On trouve dans la littérature des modèles variés, allant des interprétations extrêmes des modèles dits abstractionnistes ou symboliques aux modèles épisodiques. Selon le type de modèles, la distinction entre l’organisation et la nature des connaissances est plus ou moins marquée. Très prononcée dans les modèles abstractionnistes, cette distinction tend à s’estomper voire même à disparaître dans les modèles épisodiques. Dans les modèles connexionnistes, la nature des connaissances est étroitement dépendante de leur architecture car le passage de la structure à la fonction s’explique avec les propriétés du cerveau.

Les modèles de type symbolique tendent d’une part de définir les propriétés de la connaissance et d’autre part de chercher une organisation capable de rendre compte de ces propriétés. De ce fait, certains travaux portant uniquement sur la mémoire sémantique ont modélisé soit l’organisation des unités mnésiques (Quillian, 1969 ; Collins & Quillian, 1969 ; Collins & Loftus, 1975), soit la nature de ces unités (Rosch & Mervis, 1975).
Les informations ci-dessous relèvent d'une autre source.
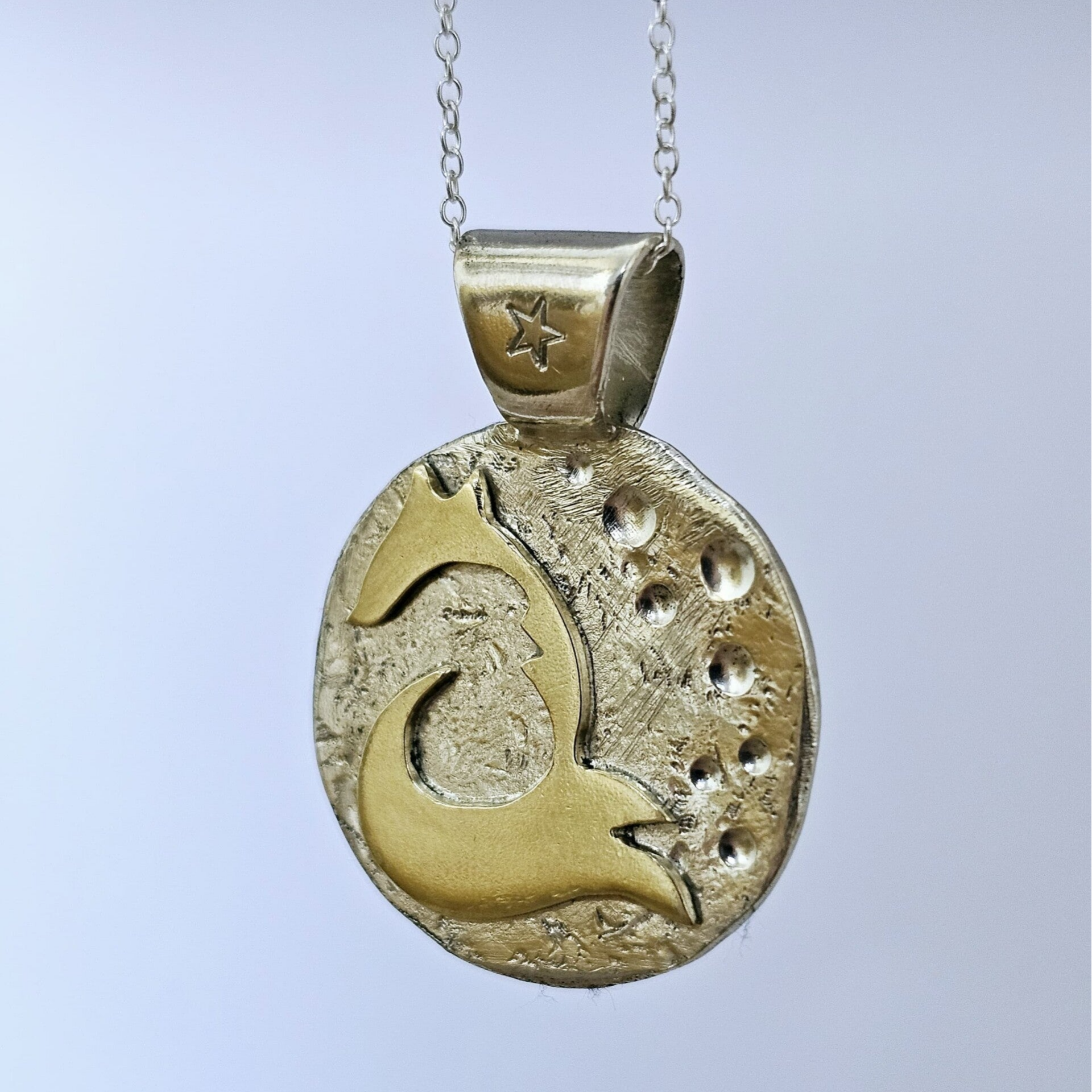 A textured Sterling Silver moon provides the backdrop to a brassy fox bathing in the moonlight overseen by a star stamped bail.

D’autres auteurs ont travaillé sur l’existence de mémoires spécifiques, distinguant différents systèmes mnésiques (Tulving, 1983, 1984, 1985, 1995 ; Anderson, 1976, 1983, 1990). Selon ces derniers, les connaissances sont organisées en mémoire en fonction de leur nature (connaissances sémantiques, épisodiques, déclaratives, procédurales).

Ces modèles se situent dans la perspective cognitiviste qui distingue plusieurs types de représentations et donc différentes mémoires. Ils se réfèrent aux propriétés de fonctionnement des ordinateurs de type Von Neumann (1958), d’où la ’métaphore spatiale’. Selon celle-ci, la mémoire est un espace où sont stockées des unités d’information à des adresses précises à l’instar des ordinateurs. Ces modèles sont dits fonctionnalistes car ils tentent de modéliser des processus psychologiques sans se préoccuper d’une quelconque réalité physiologique.

Les modèles épisodiques se fondent sur la nature entièrement épisodique des connaissances, d’où l’existence d’un seul système de mémoire. Dans cette perspective, les unités d’information sont des exemples (Medin & Schaffer, 1978 ; Nosofsky, 1986, 1988, 1991) ou des traces (Hintzman, 1986, 1987, 1988, 1990) qui codent des expériences spécifiques et au sein desquels émergent les connaissances sémantiques. L’accumulation de multiples traces ou d’exemples et leur récupération en fonction du contexte permettrait le stockage et la récupération d’un événement spécifique ou d’un concept.

La démarche des modèles connexionnistes est d’émettre des hypothèses sur l’architecture de la mémoire puis d’en déduire les propriétés des connaissances. Selon ces modèles dit réseaux de neurones, les phénomènes cognitifs sont issus de l’activité du système nerveux. L’information est codée, traitée et récupérée de façon distribuée au sein de larges réseaux qui fonctionnent en parallèle. Ces modèles se basent sur les propriétés du cerveau, en particulier la très grande densité d’interconnexions entre neurones et leur auto organisation, d’où la ’métaphore du cerveau’. Ils ont radicalement remis en question la ’métaphore spatiale’ qui, à la lueur des travaux contemporains est une conception statique de la mémoire.